2. The method for producing a textile product according to claim 1, wherein the angle formed by the discharge direction of the coating nozzle and the running direction of the cloth is an obtuse angle.

3. The method of claim 1, wherein the coating vessel comprises a vessel body having a feed inlet and a discharge outlet, the feed inlet being in communication with the foaming device, the discharge outlet being in communication with the coating spray head, the vessel body being narrow at the bottom and wide at the top.

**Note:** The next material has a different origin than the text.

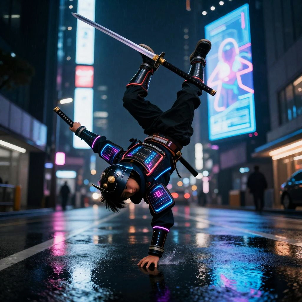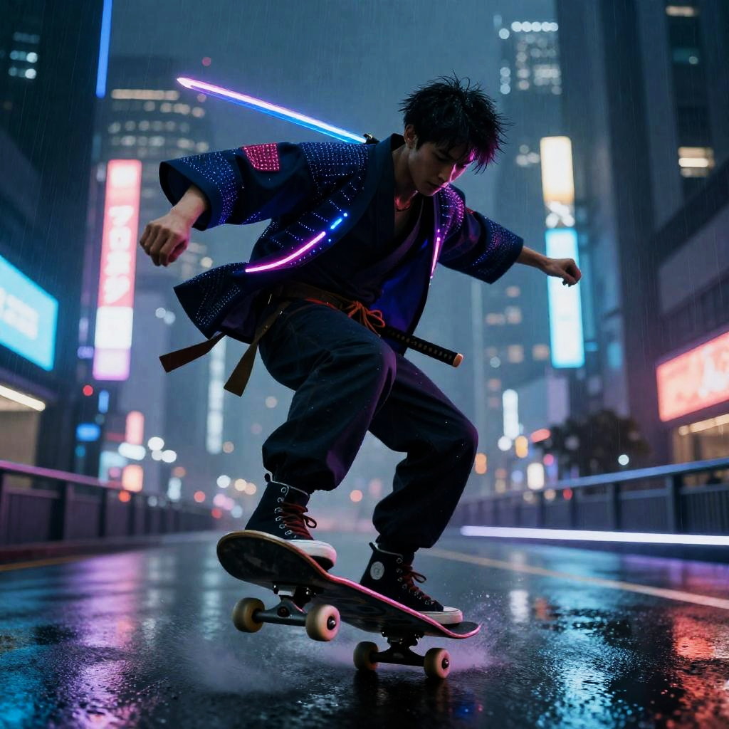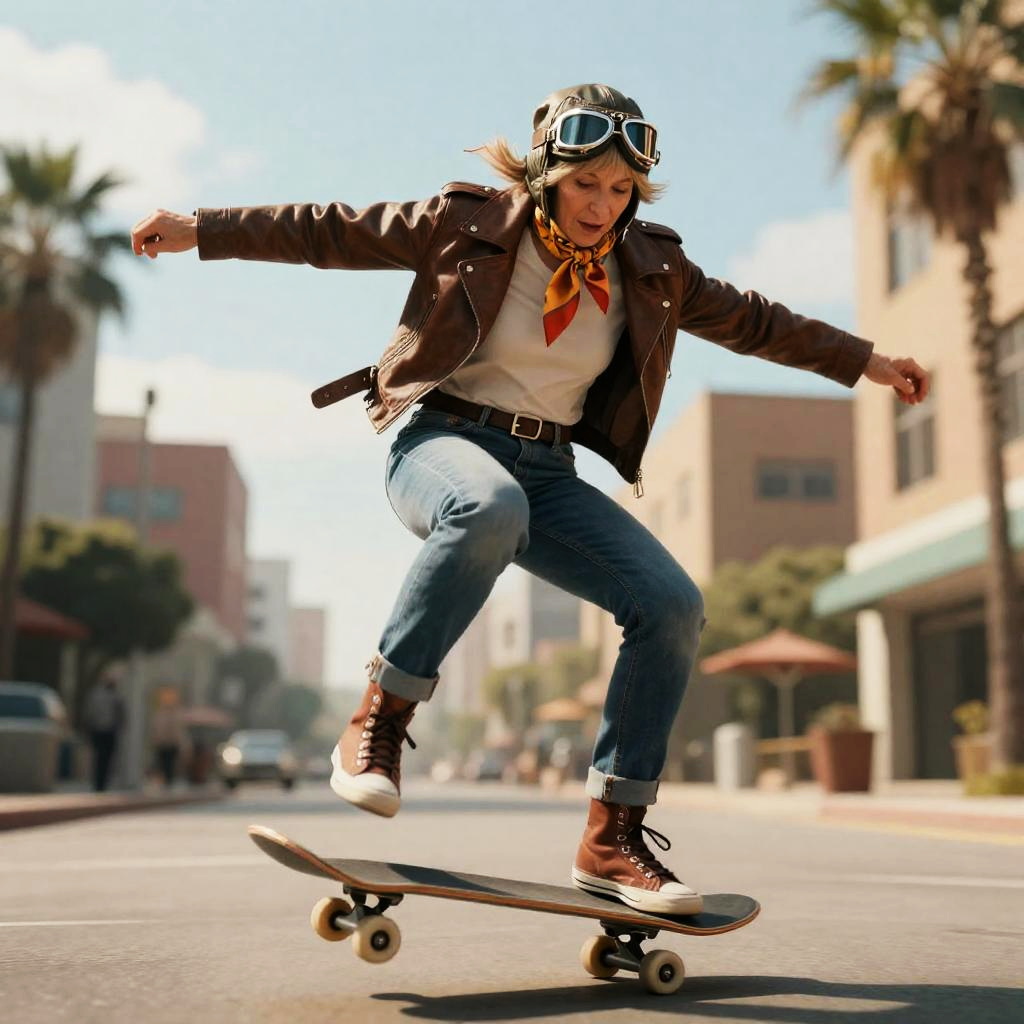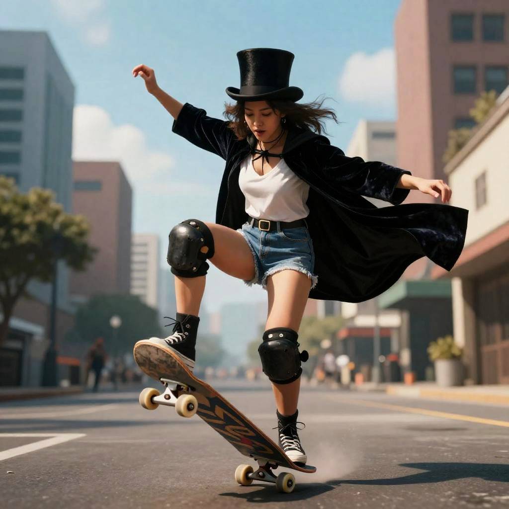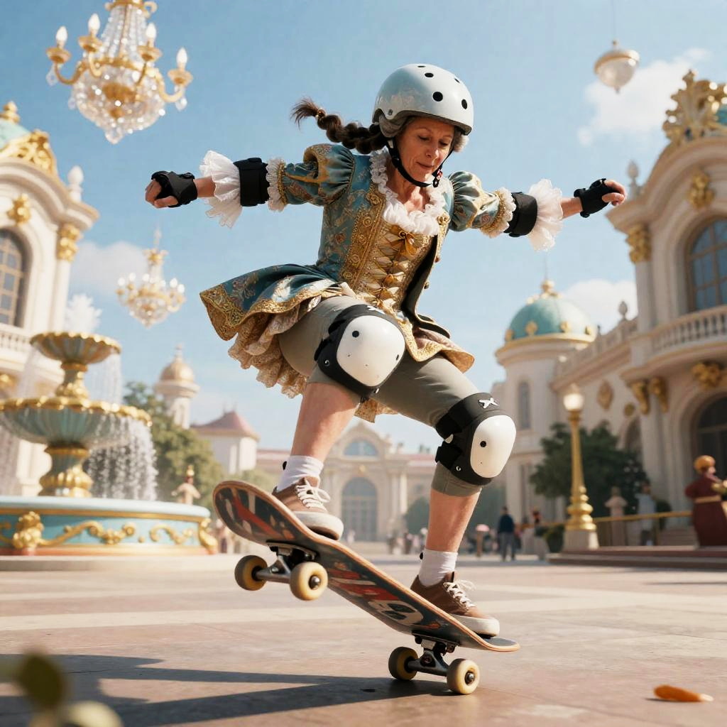 A middle-aged drag queen in a glittering sequined gown adapted for skatewear (high-top sneakers, knee pads, dramatic makeup) showcasing an impressive bluntslide along a neon-edged ledge on a skateboard against a surreal floating subway platforms with oversized holographic billboards. Enhanced with cinematic color grading, the scene exudes intense energy and movement, rendered in Unreal Engine 5 with photorealistic detail.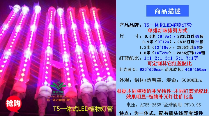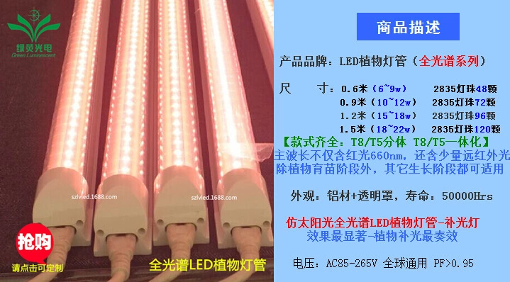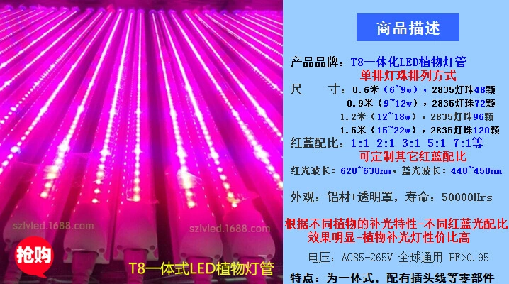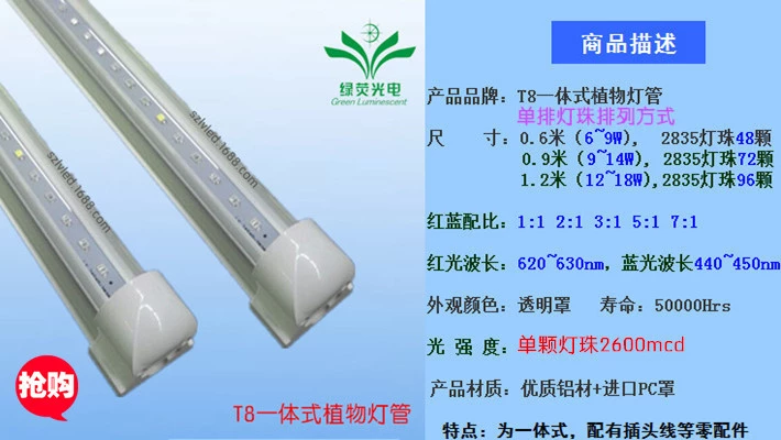 T8集成式led植物灯:2835方案单排灯珠,0.6m6〜9w/0.9m9〜14w/1.2m12〜18w

4. A method of producing a textile product according to claim 3, wherein the discharge opening is formed in the bottom of the tank body, and the coating nozzle is provided in the lower portion of the tank body and communicates with the discharge opening.

5. The method of claim 1, wherein the coating-receiving slot is integrally formed with the coating nozzle.

6. The method for producing textiles according to claim 1, wherein the shaping and drying device comprises a first drying mechanism and a second drying mechanism which are sequentially arranged, the first drying mechanism is positioned at one side of the coating device, and the second drying mechanism is positioned at one side of the cloth collecting device;

and/or, the coating device further comprises a support frame, and the coating head is movably arranged on the support frame.